The treatment of RLS during pregnancy, however, may be difficult and should be limited to conservative measures without resorting to pharmaceuticals.

In cases where monotherapy is not sufficient even after long-term application, the physician may prescribe combination therapies (e.g., dopamine agonist plus l-DOPA).

The following compounds are recommended for the treatment of RLS. l-DOPA and dopamine agonists are considered as first-line drugs.

8.1.8.2 l-DOPA

In Germany, l-DOPA is approved in combination with benserazide for treatment of RLS, and clinical trials have demonstrated its effectiveness in doses up to 300 mg per day.

For the treatment of sleep disorders caused by RLS, a combination with immediate release (effect duration, 3–5 h) and retarded (maximum plasma level after 3 h) levodopa may be beneficial. Tolerance developments requiring dosage increase and an “end-of-dose” rebound are quite common (◘ Table 8.2).

Table 8.2 Therapy of RLS with l-DOPA and dopamine agonists

Practical Tip

It is recommended to adapt the time of intake to the occurrence of the complaints in the individual patient and to establish an exact intake scheme together with the patient (based on a sleep protocol). l-DOPA is effective in mild or episodic RLS. In contrast to dopamine agonists, the dosage has not to be slowly increased, so that it can be applied in situations with severe complaints, such as traveling by bus or airplane with lack of movement opportunities. It can also be used in combination with dopamine agonists as an add-on in cases of severe complaints.
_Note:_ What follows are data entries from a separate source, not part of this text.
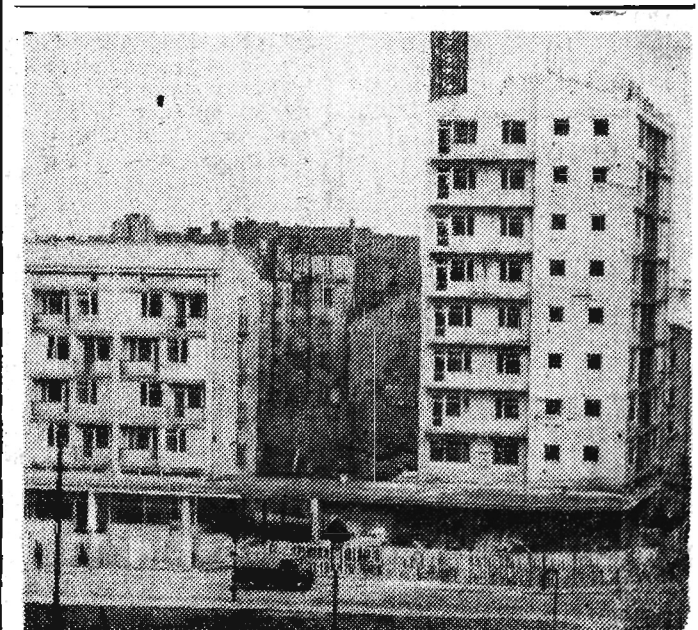
W Warszawie na Powiślu, w rejonie ulicy Radnej budowane jest niewielkie osiedle mieszkaniowe. Oddano tu w gotowych już budynkach 400 izb mieszkalnych, a w budowie są domy, które dadzą około 360 izb.

podniósł ręce do góry i pozwolił się aresztować. Huk, który złodziej wziął za odgłos wystrzału, został spowodowany przez odrzutowiec, który na zbyt małej wysokości przekroczył barierę dźwięku. Policjant, który aresztował bandytę, należał do kompanii ruchu i nawet nie wiedział o dokonanej rabunku.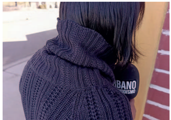
La adolescente declaró que la tratan mal /URBANO TV PERIODISMO

En una entrevista realizada en la página Urbano TV Periodismo, la adolescente, refirió malos tratos dentro de la institución, con lo que argumentó su fuga del Centro de Acogida.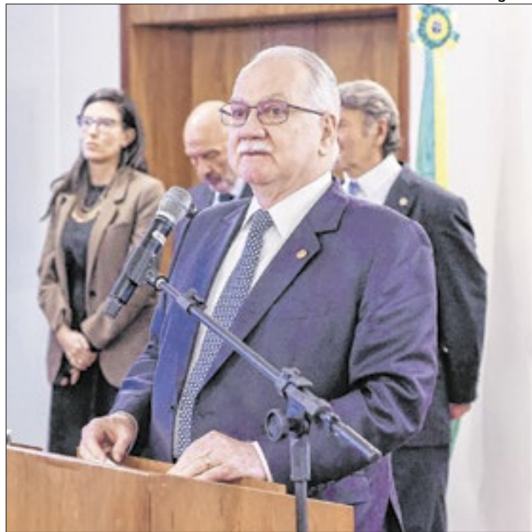
Presidente da Suprema Corte, Edson Fachin

Conforme Andrea, a adequação à LGPD vai além da formalidade documental. Trata-se de um processo de conscientização e de mudança de mentalidade. Empresas que tratam a proteção de dados como prioridade estão cumprindo a lei, preservando sua reputação, credibilidade e relação de confiança com o cliente. “Nesse novo mundo onde a IA está onipresente e os ciberataques mais sofisticados, a cibersegurança deixou de ser uma questão apenas mais técnica. O caso do Gmail é um lembrete de que os dados são a nova riqueza digital”, finaliza.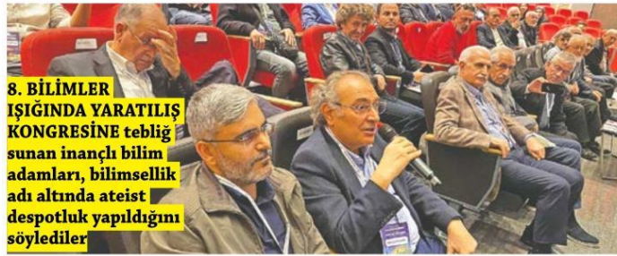
8. BİLİMLER İŞİĞİNDE YARATILŞ KONGRESİNE tebliğ sunan inançlı bilim adamları, bilimsellik adı altında ateist despotluk yapıldığını söylediler.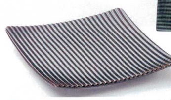
213-15-012 いぶし天目縞目ひし形皿(大) 720円 17×17×1.5cm 18923011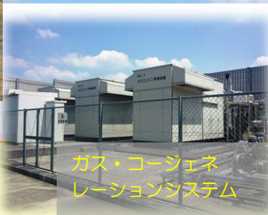
ガス・コージェネレーションシステム

また、常時、水質の状況監視や分析を自動で行っている機器なども同じく電気動いています。夏場など、積乱雲が発生し、雷がゴロゴロいいだして、夕立の気配が出てくるとスタッフたちの緊張が高まります。浄水場以外にも各地の供給点に設けられた局舎やポンプ設備の電気系統に落雷があれば、断水につながる事故が発生するかもしれないからです。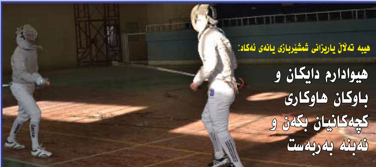
ھېبە تەللاڭ ياريزانى شمشيربازى يانەى ئەكاد: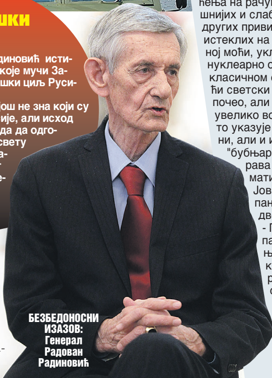
БЕЗБЕДНОСНИ ИЗАЗОВ: Генерал Радован Радиновић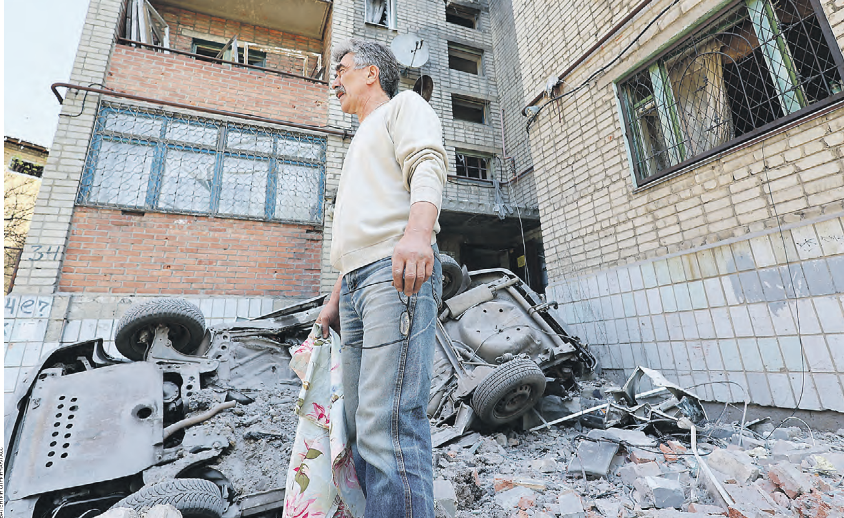
15 мая 2023 года. Житель города Ясиновата возле автомобиля, поврежденного в результате обстрела со стороны вооруженных сил Украины. Боевики киевского режима несколько дней выпускают по населенному пункту снаряды, разрушая дома и социальные объекты

А вот в районе Артемовска, наоборот, наши солдаты занимают более выгодные рубежи. Это становится возможным в результате наступательных действий подразделений Воздушно-десантных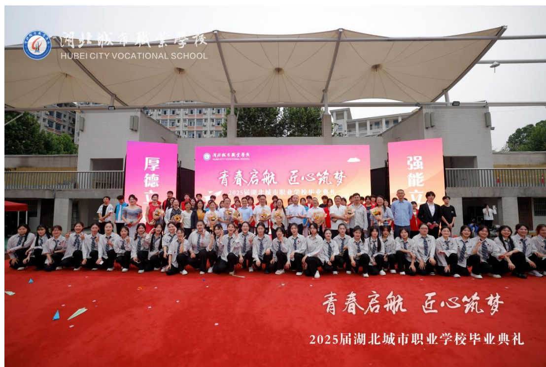
图 2 学校 2025 届毕业典礼合照

最后，典礼在“青春启航”篇章的歌舞中落下帷幕，2025 届毕业生带着母校的嘱托与祝福，正式踏上“青春启航，匠心筑梦”的新征程，在未来的道路上勇毅前行，书写属于自己的精彩人生。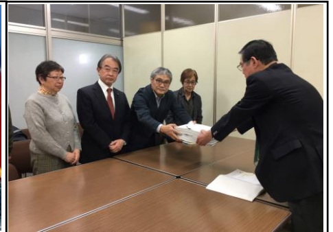
1月21日、名古屋の市民団体の関係者が短期間で集めたネット署名「中東派遣を止める署名」4万1040筆を内閣府に提出。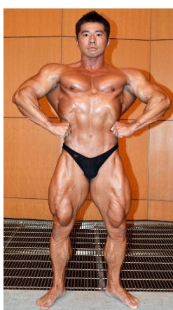
②フロント ラットスプレッド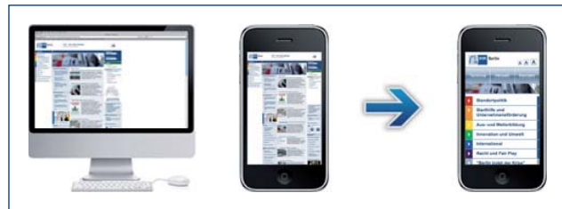
Mobilisierung von Internetseiten

Speziell den Kundenwünschen und Produkten angepasste iPhone-Applikationen, so genannte „Apps“, bieten zusätzlich ganz außergewöhnliche Anwendungsmöglichkeiten – insbesondere bei der Erschließung neuer Empfänger für den großen Zukunftsmarkt mobile internet advertising – mobile Werbung.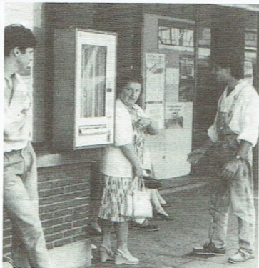
De reactie van deze dame, die blijktbaar in het nauw gedreven werd door booswichten, werd opgenomen met een verborgene camera.

De reactie van nietsvermoedende kusttramtoeristen werd netjes geregistreerd vanuit een gecamoufleerd busje. Hierin zat ook Martine Gysenbergs van onze commerciële dienst en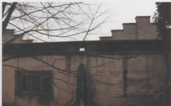
图十 香山慈幼院图书馆

Augmentation under l-DOPA medication is a frequently observed phenomenon (it can also occur in dopamine agonists) and, according to clinical studies, can occur in up to 70% of the patients.

Augmentation is defined as:

  • An earlier onset of the symptoms within the 24-h cycle, e.g., midday or morning

  • A more rapid onset of the complaints when the patients are at rest

  • Complaints in other body parts that have not been affected prior to therapy

A dose-dependent risk for augmentation has been described for levodopa/benserazide. Dosages above 200 g per 24 h may lead to augmentation. In severe cases, switching to another drug is recomomended. If augmentation under l-DOPA occurs, the treatment should be switched to dopamine agonists, if possible with low doses.

Practical Tip

Augmentation is considered as the most significant complication of dopaminergic therapy. It has been described most frequently for l-DOPA but also for dopamine agonists.

Increase of the symptom severity is another sign of augmentation. In addition, decreasing effectiveness of the current drug dosage (tolerance) is also a problem.

Diagnostic Criteria of Augmentation According to IRLSSG 2007

  1. (a)

    Basic features (all of which need to be met)

    • The increase in symptom severity was experienced on five out of seven days during the previous week

    • The increase in symptom severity is not accounted for by other factors such as a change in medical status, lifestyle, or the natural progression of the disorder

    • It is assumed that there has been a prior positive response to treatment

  2. (b)

    Persisting (although not immediate) paradoxical response to treatment: RLS symptom severity increases sometime after a dose increase, and improves sometime after a dose decrease

  3. (c)

    Earlier onset of the symptoms by at least 4 h or by 2 to 4 h, whereby in the latter (2 to 4 h) the following criteria also have to be met:

    • Shorter occurrence latency while at rest

    • Extension of the symptoms to other parts of the body

    • Higher intensity of the symptoms

    • Duration of the relief is reduced because of the therapy

Augmentation is confirmed when the following criteria combinations are met: a + b, a + c, or a + b + c.

8.1.8.3 Dopamine Agonists

Dopamine agonists are classified into ergoline and nonergoline dopamine agonists (◘ Table 8.2). Clinical trials have demonstrated the effectiveness of ropinirole, pramipexole (non-ergoline dopamine agonists), and rotigotine in large patient populations. Generally, daily doses for RLS treatment are smaller than for the treatment of Parkinson’s disease. Thus, it is always recommended to test the effectiveness of the smallest dose.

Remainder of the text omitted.